Autumn Almanac, Friday, 18 March 2016 00:59 (eight years ago) link

dylannn how come you're in tokyo now? forgive me if you've already discussed this and i've not kept up.

Autumn Almanac, Friday, 18 March 2016 01:02 (eight years ago) link

thanks aa

yeah as with japanese i don't have any arbitrary goals or foolish time constraints so i am cool with learning chinese for the rest of my life

clouds, Friday, 18 March 2016 01:21 (eight years ago) link

i feel like the chinese language and culture are so deep you could just keep learning new things forever and that's pretty exciting -- maybe 10 years from now i'll be diving into 吴语 ^^

clouds, Friday, 18 March 2016 01:30 (eight years ago) link

yeah it's a bottomless pit of exploration. even if you feel you've exhausted a particular aspect, you can move onto chengyu, trad characters, dialects, new cities/regions, classical writing/calligraphy etc etc etc

Autumn Almanac, Friday, 18 March 2016 01:46 (eight years ago) link

hey aa why are you in taiwan? longterm?
my girlfriend and i moved to tokyo in october. she had a job offer. i tagged along. i'm struggling to learn japanese and it's going extremely slowly.

dylannn, Friday, 18 March 2016 09:05 (eight years ago) link

the original plan was to move to guangzhou this year but... combination of not a lot of job opportunities and the only opportunities kinda sketchy with the visa. it was cool to go solo back in the day but bringing along my girlfriend who's never been to china to live there for a few years, i couldn't do it. i took her with me on my last job hunting trip and she was okay with hong kong but i couldn't picture her in guangzhou.

dylannn, Friday, 18 March 2016 09:13 (eight years ago) link

clouds yo if u want to run anything by me or ask anything u can always email me

dylannn, Friday, 18 March 2016 09:16 (eight years ago) link

will do dude, thanks

clouds, Friday, 18 March 2016 15:19 (eight years ago) link

hey aa why are you in taiwan? longterm?

holiday, at least technically. we're both out of a job (she by redundancy + payout, me by quitting a crazy job that was destroying me) so we came here pretty much on a whim.

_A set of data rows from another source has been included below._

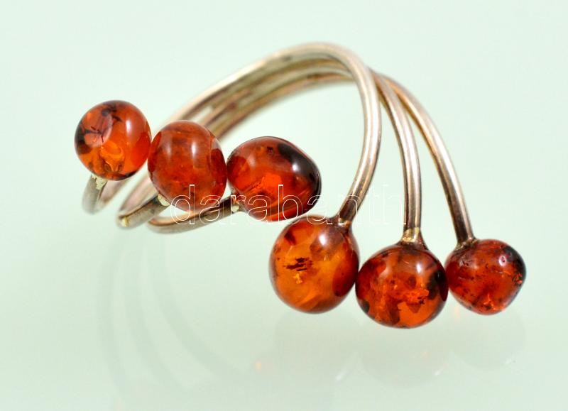 Ezüst(Ag) gyűrű, borostyán gömbökkel, jelzett, méret: 54, bruttó: 4,1 g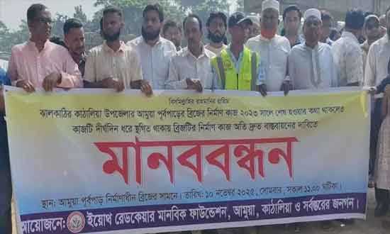 ঝালকাঠি উপজেলার আমুয়া হাসপাতাল সংলগ্ন ধোপার নদীর উপর নির্মানাধীন বন্ধ হওয়া ব্রিজের কাজ দ্রুত শেষ করার দাবিতে এলাকাবাসী ও শিক্ষার্থীদের মানববন্ধন, সড়ক অবরোধ ও র্যালী অনুষ্ঠিত হয়েছে। এ ব্রীজের নির্মাণ কাজ দীর্ঘদিন বন্ধ থাকায় চরম দুর্ভাগ্যে রয়েছে এলাকাবাসী। গতকাল সোমবার সকাল ১১ টায় ইয়োথ রেডকেয়ার মানবিক ফাউন্ডেশন এর আয়োজন করেন। ব্রিজ সংলগ্ন সড়কের দু-পাশে শত শত শিক্ষার্থী ও এলাকাবাসী প্রায় এক কিলোমিটার দীর্ঘ এ মানববন্ধনে অংশ নেন। মানববন্ধনে বক্তারা জানান, ধোপার নদীর এ ব্রিজের কাজ ২০২১ -২০২২ অর্থবছরে শুরু করা হয়, ২০২৩ সালে শেষ হওয়ার কথা থাকলেও আজও শেষ হয়নি ব্রিজর ২০ শতাংশ কাজ। ঠিকাদার কাজ ফেলে লাপাত্তা হয়ে গেছে। বিকল্প কাঠের নির্মিত লক্কর ঝক্কর ভাঙ্গাচুরা ব্রিজ দিয়ে প্রতিদিন ৯টি শিক্ষা প্রতিষ্ঠান, কাঠালিয়া উপজেলার একমাত্র আমুয়া হাসপাতাল, আমুয়া বন্দরসহ তিনটি বাজারের বিভিন্ন শ্রেনী পেশার হাজার হাজার নারী, শিশু ও রোগী যাতায়াত করছে। এলাকাবাসী ও শিক্ষার্থীরা অতি দ্রুত সময়ের মধ্যে ব্রীজটির নির্মাণ কাজ শেষ করার জন্য জোর দাবি জানিয়েছেন। মানববন্ধনে বক্তব্য রাখেন, ইয়োথ রেডকেয়ার মানবিক ফাউন্ডেশন সভাপতি মোঃ মেহেদী হাসান, আমুয়া মাধ্যমিক বিদ্যালয়ের প্রধান শিক্ষক, মনজুরুল হক,বাংলাদেশ জামাতে ইসলামীর কাঠালিয়া উপজেলা আমির মাস্টার মোঃ মজিবুর রহমান, আমুয়া ইউনিয়ন পরিষদ চেয়ারম্যান নকিরুল ইসলাম, ইউনিয়ন বিএনপি’র সাধারণ সম্পাদক আব্দুল মন্নান তালুকদার, যুবদল নেতা তুহিন মিয়া, শেখ ফজিলাতুন্নেছা ভোকেশনাল ইনস্টিটিউটের প্রধান শিক্ষক মাহবুবুর রহমান, শিক্ষার্থী সামিরা আক্তার ও অরিন্দ্র মজুমদার।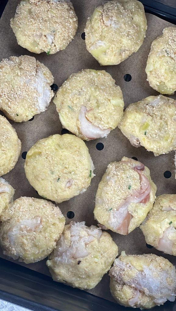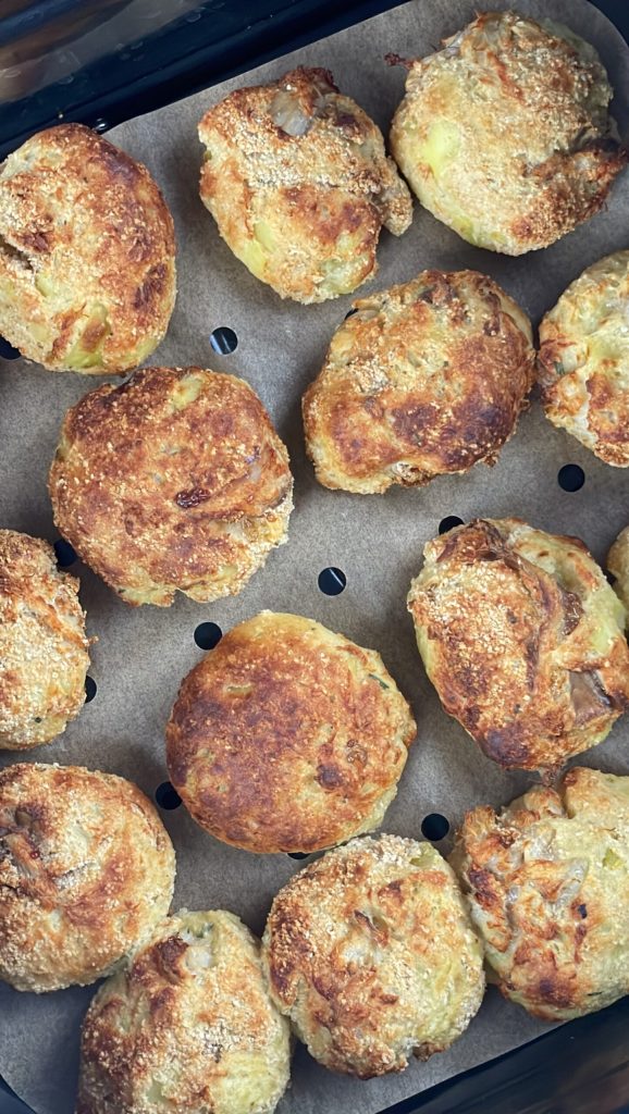 Kartoffel- und Kabeljaufrikadellen in der Heißluftfritteuse

it's my third time here, but this time i've felt my chinese jump from absolute kak to reasonably confident (i was here in november and just totally hopeless). heaps of spontaneous conversations with locals all across the country.

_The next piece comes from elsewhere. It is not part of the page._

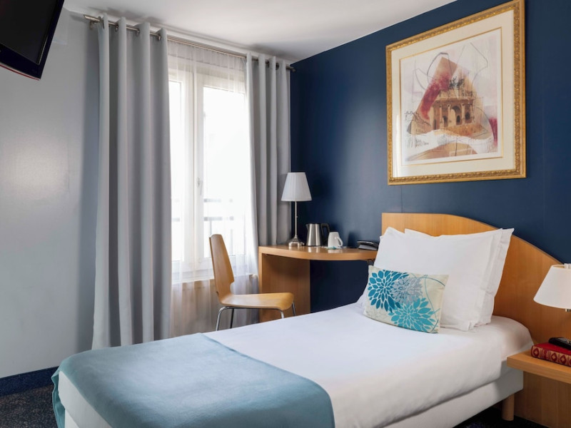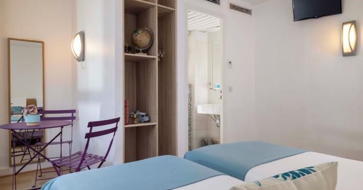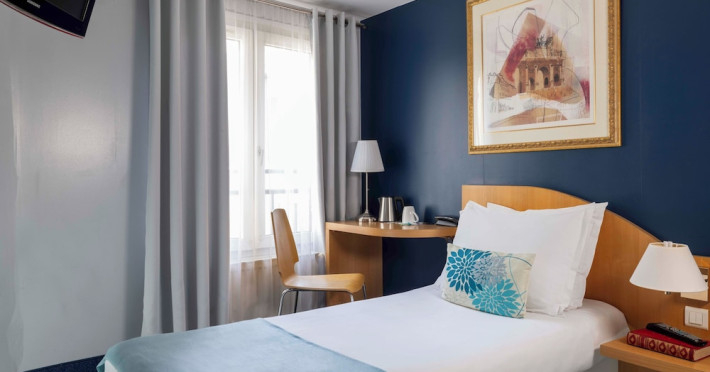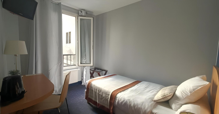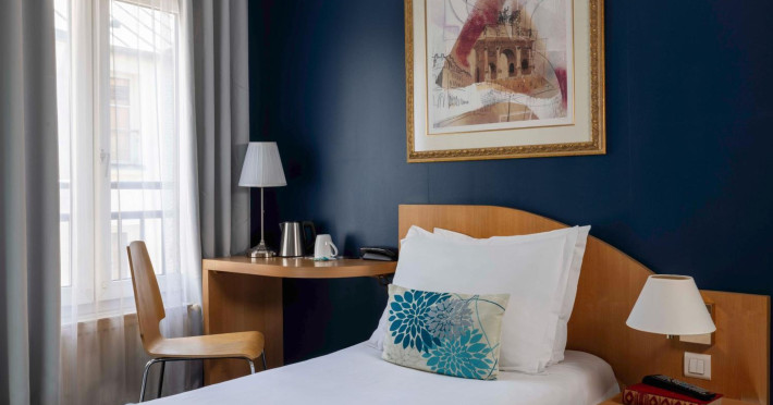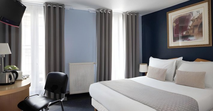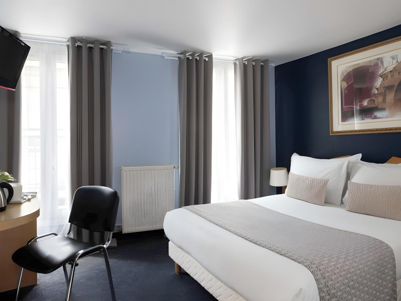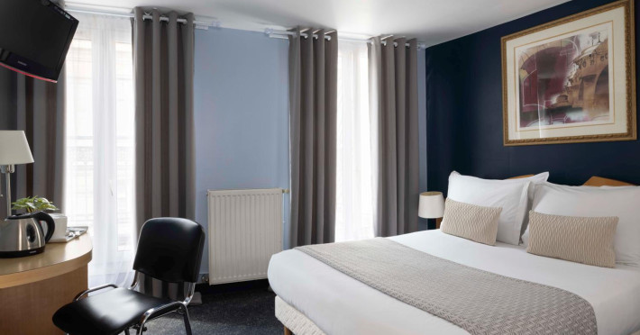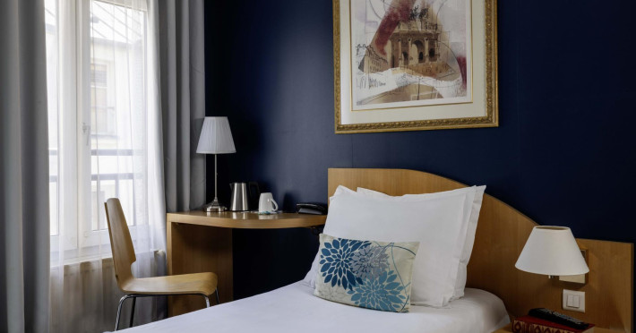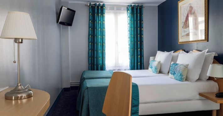 Located in the 9th arrondissement of Paris, near the Gare Saint-Lazare, Grand Hôtel du Calvados offers convenient access to public transport and is within walking distance of the Quartier de l'Europe, department stores like Printemps Haussmann and Galeries Lafayette, and cultural attractions such as the Palais Garnier. The hotel features complimentary wireless internet access, a 24-hour front desk, and luggage storage. Guests can enjoy a buffet breakfast daily (for a fee) in a Parisian vaulted room. The hotel also has a restaurant serving Italian cuisine. All rooms include a flat-screen television, phone, safe, desk, and a private bathroom with a bathtub or shower and hairdryer. Concierge services, ticket service, and tours are available. Smoking is prohibited throughout the property. Saint-Lazare Station is a one-minute walk away, and Liège Metro Station is 350 metres away, providing direct access to the Champs-Elysées. The Grand Hotel Du Calvados is a hotel.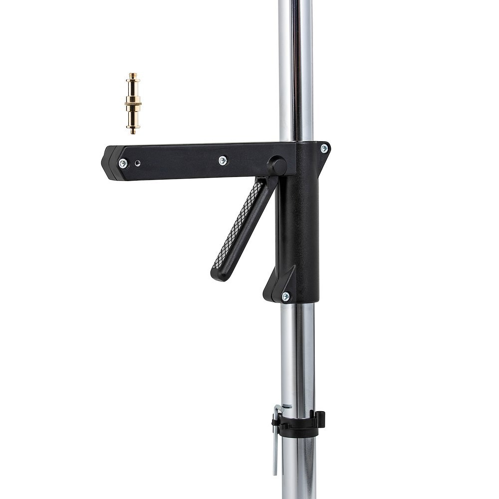 Designed with portability in mind, the stand includes lockable wheels for smooth repositioning in the studio and a removable base for easy storage and transport. The compact design, combined with rectangular leg sections and a leveling leg, ensures stability on any surface. Reaching heights from 35 cm up to 250 cm, the Manfrotto 231CS offers flexible positioning for a variety of lighting setups.

long term would be brilliant but the work would have to be spot on. plenty of opportunities at home for now, but i'm strictly taking short contracts so i'm ready to jump if/when something comes up.

my girlfriend and i moved to tokyo in october. she had a job offer. i tagged along. i'm struggling to learn japanese and it's going extremely slowly.

it's brilliant that you can use the opportunity to attack another language (even if it's glacial atm), and i totally get not wanting to drag someone to a chinese city long-term. if you're not emotionally invested it can be exhausting (and i've only ever travelled/studied there in shot bursts).

Autumn Almanac, Saturday, 19 March 2016 13:01 (eight years ago) link

good to hear your hard work with chinese has paid off. it's so much different exploring a country when you speak the language.

trying to learn japanese i've started to question all the advice i've ever given about learning mandarin. i take a few steps, manage to cram some vocabulary into my head and it flows out again. i decide i can read hiragana and katakana and i'm deciphering everything and then a short time later, i realize i've forgotten half of what i learned. i think i got lucky, learning chinese at the time and place i did.

maybe it's learning a language at 30 while i learned chinese in my early 20s. part of it is what japan is like, compared to china. life in china involves a lot of informal chitchat, go to buy a pack of cigarettes and you learn the history of the dude selling them, buy some barbecue and you're involved in a chat with the table across the way. it's a good push, you get good at answering the same set of questions and figuring out how to ask your own.

right yeah, i mean, she was up for it and was going to study in guangzhou but it was hard to get everything lined up perfectly. it's still a possibility, longterm, i guess, and she has managed to teach herself chinese to relative fluency (in the time that i've worked up to being able to read street signs in japanese and answer "where are you from?"). if i really want a fix of china, it's a cheap flight.

dylannn, Saturday, 19 March 2016 13:59 (eight years ago) link

three weeks pass...

life in china involves a lot of informal chitchat, go to buy a pack of cigarettes and you learn the history of the dude selling them, buy some barbecue and you're involved in a chat with the table across the way. it's a good push, you get good at answering the same set of questions and figuring out how to ask your own.

is that not the case in japan? i've not been so i don't know how things work there.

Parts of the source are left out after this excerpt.